Web Date: April 15, 2016
New technique reclaims mercury from spent compact fluorescent light bulbs
Fluorescent lightbulbs use less energy than traditional incandescent bulbs, but many contain mercury, a neurotoxin that can accumulate in food sources and ultimately in our own tissues. Removing and reusing mercury from bulbs helps keep the toxic element out of landfills, where it can enter the environment. Now, researchers have developed a technique for recycling mercury from spent compact fluorescent light bulbs that’s more energy efficient than current methods (ACS Sustainable Chem. Eng. 2016, DOI: 10.1021/acssuschemeng.5b01612).
Existing recovery methods often require high temperatures to evaporate the mercury, separating it from the other material inside the bulbs. Parisa A. Ariya of McGill University and her colleagues wanted to devise a technique that used natural, nontoxic compounds and minimal energy. Instead of heat, they used nanoparticles to trap the mercury.
Ariya’s group looked at two kinds of nanoparticles made of different forms of iron oxide, magnetite and maghemite, which they had found to be efficient at capturing various gases, including mercury. The particles’ magnetism makes them easy to transfer, and they exist in vast quantities in the environment as components of atmospheric dust particles. An initial test showed that in a flask, magnetite particles captured mercury vapor much more efficiently than maghemite, so the team focused further work on magnetite nanoparticles.
To test the particles’ performance with real bulbs, the team broke open spent fluorescent bulbs within a vessel that was connected to a chamber loaded with nanoparticles and to a gas circulating pump. Mercury vapor from the bulbs flowed into the chamber and stuck to the nanoparticles’ surface.
Then, the team used magnets to transfer the nanoparticles to an electrochemical reactor to recover the mercury. Applying a current drove ionic mercury species off of the nanoparticles at the anode and into the electrolyte. The ions traveled through the electrolyte to the cathode where they were reduced to elemental form again. This method recovered up to 85% of the mercury. Ariya’s team also discovered they could reuse the nanoparticles at least three times.
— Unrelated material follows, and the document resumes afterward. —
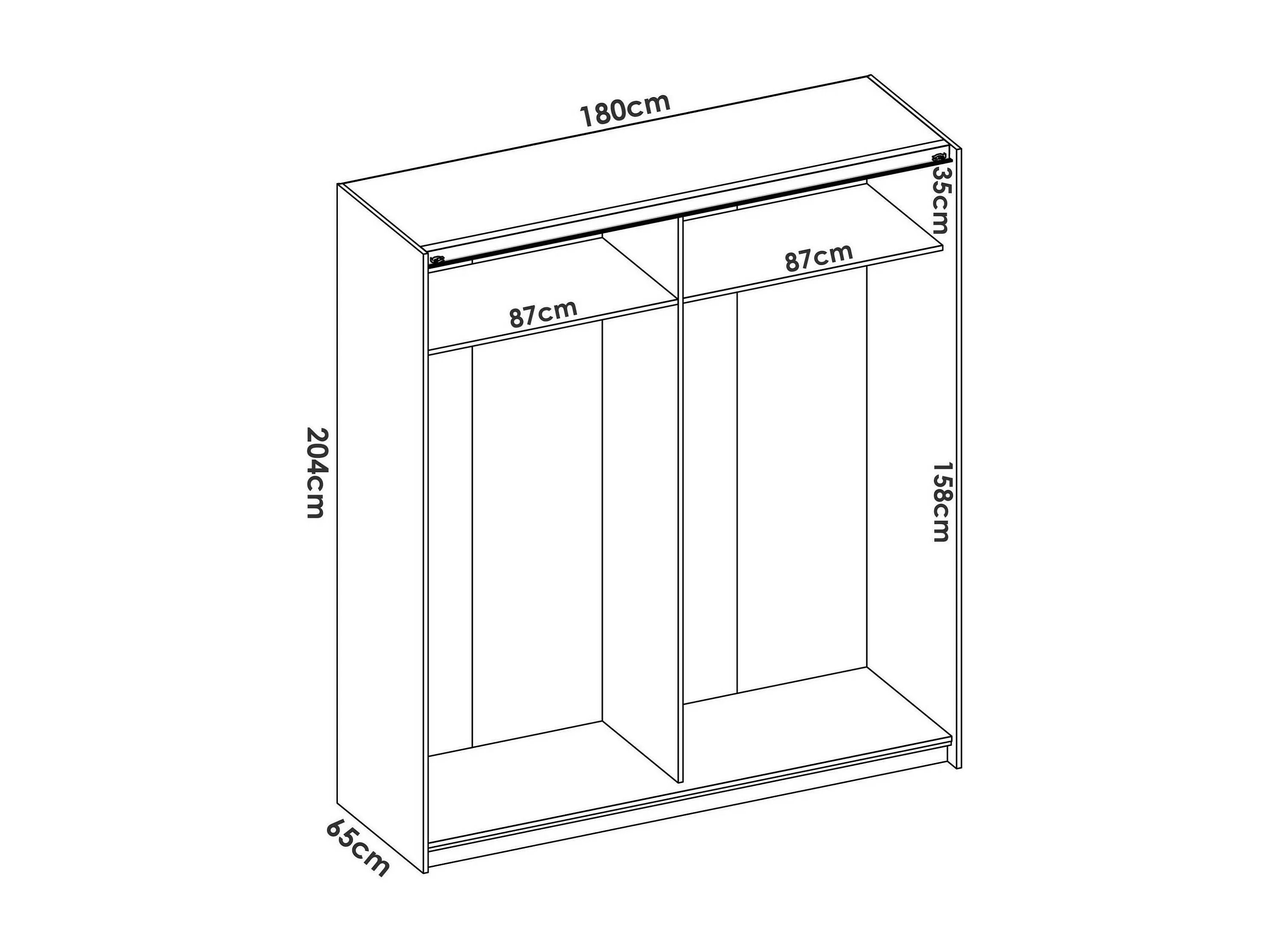 Kleiderschrank Saltoro, Garderobe für Schlafzimmer, Kleiderschrank mit 2 Schiebetüren, 180x65h204 cm, Weiß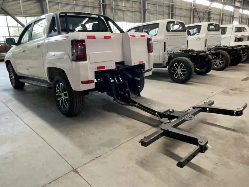 放下被拖車輛時,請降下托臀至后車完全落地后,再將抱胎放開收回,否則易導致油缸彎曲損壞! 最后將第3步中裝卸的螺母還原,再將長臂、托臂依次升起歸位,按下紅色按鈕關閉電源,皮卡清障車車即可離開。要想長時間高速拖行車輛,應選用高速拖行小跑車。(可單次行駛上百公里,請按國家有關規定安全時速行駛)。

In fact, the team found that reused magnetite nanoparticles captured mercury better than fresh nanoparticles.
The team’s prototype required only 20 W of power, little enough that a small solar panel could power the setup. The power requirements for a real-world system to remove mercury quickly and completely might be higher, since the study focuses more on the capture of mercury vapor released when the bulb breaks, says Robert H. Hurt of Brown University, whose group has also investigated using nanoparticles to remove mercury. But mercury can remain in trapped in the white powder coating in the bulb’s glass tubing, which would require additional heat to extract.
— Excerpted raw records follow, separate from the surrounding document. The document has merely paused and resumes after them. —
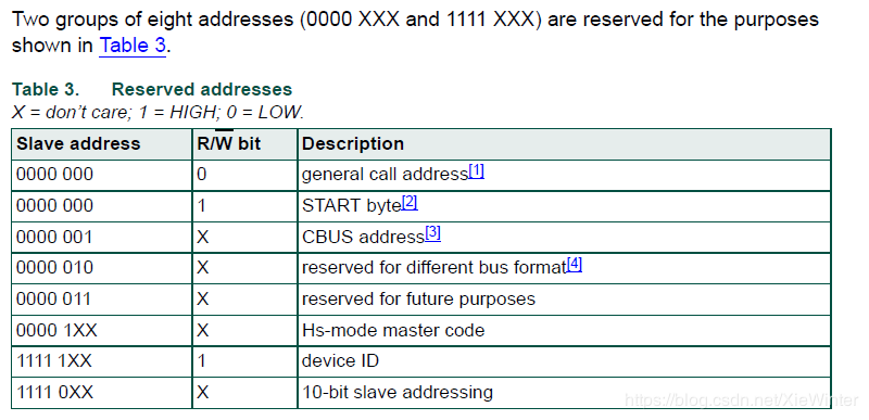 尽管保留地址位1111XXX有八种可能的组合,但只有四种组合1111 0XX用于10位寻址。 其余四种组合1111 1XX保留用于未来的I2C总线增强。
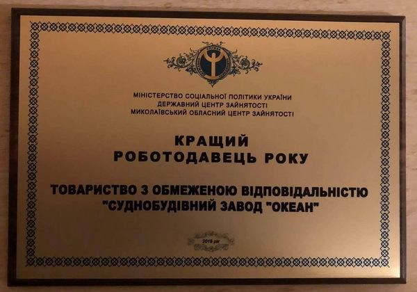 Товариство з обмеженою відповідальністю «СУДНОБУДІВНИЙ ЗАВОД «ОКЕАН» отримав нагороду «Кращий роботодавець року» — підприємство відзначили на Форумі кращих роботодавців Миколаївщини «Грані співпраці в контексті новітніх змін», що проходив 16 грудня.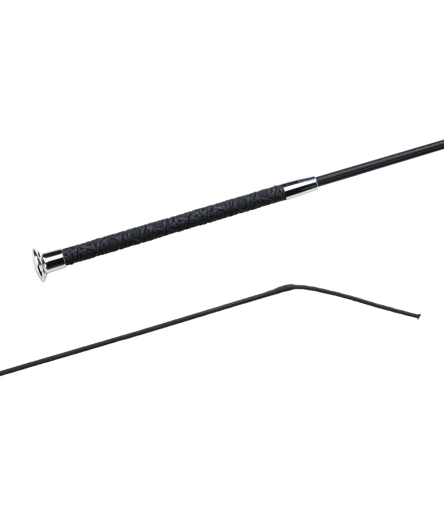 Cravache de dressage avec poignée antidérapante en aspect dentelle. Tige en fibre de verre avec revêtement en nylon.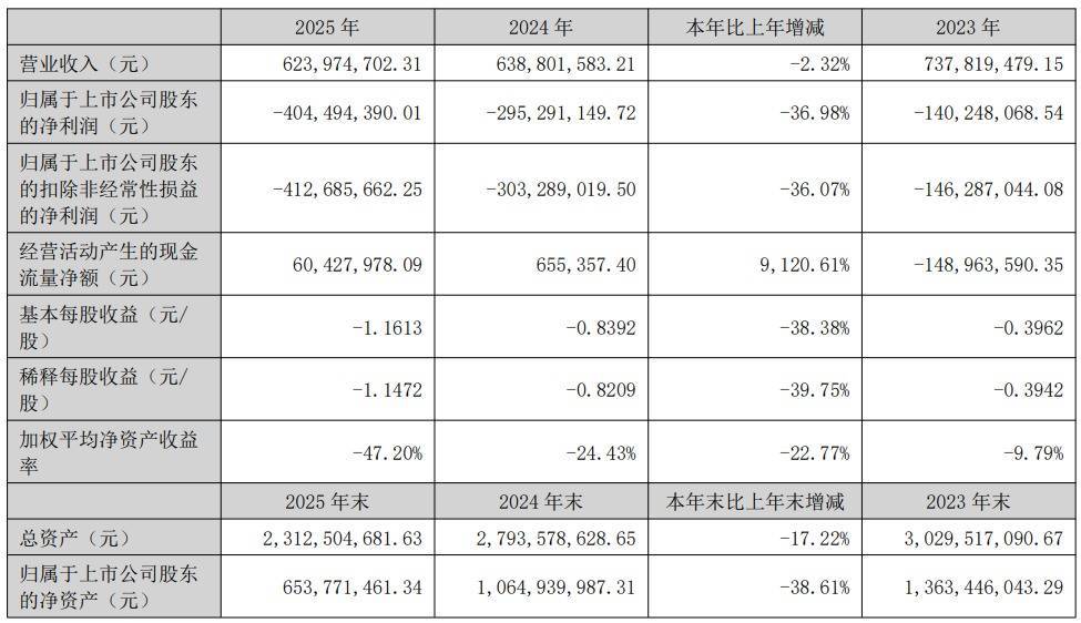 广济药业2025年年报显示,公司报告期营业收入为6.24亿元,同比下降2.32%;归母净利润自上年同期亏损2.95亿元变为亏损4.04亿元,亏损额进一步扩大;扣非归母净利润自去年同期亏损3.03亿元变为亏损4.13亿元,亏损额进一步扩大。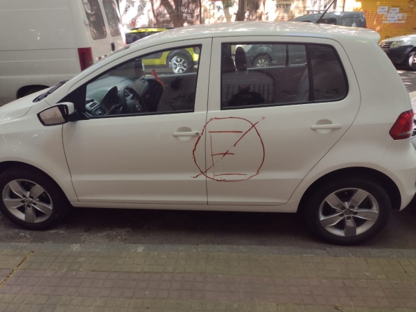 Si bien no se sabe qué tipo de material utilizó para pintarlo, la persona le realizó un escrache con el símbolo de prohibido estacionar tanto en la parte delantera del auto como en la lateral.

Although few products use mercury anymore, mercury recovery is still crucial, Hurt notes. The World Health Organization counts mercury among the top 10 chemicals of major public health concern. Hurt cites the “easy separation” of mercury from the magnetite nanoparticles without heating as a major strength of the technique. Ariya’s team is currently talking to environmental and governmental agencies about launching pilot studies of the technique at places like light bulb factories and local waste disposal sites.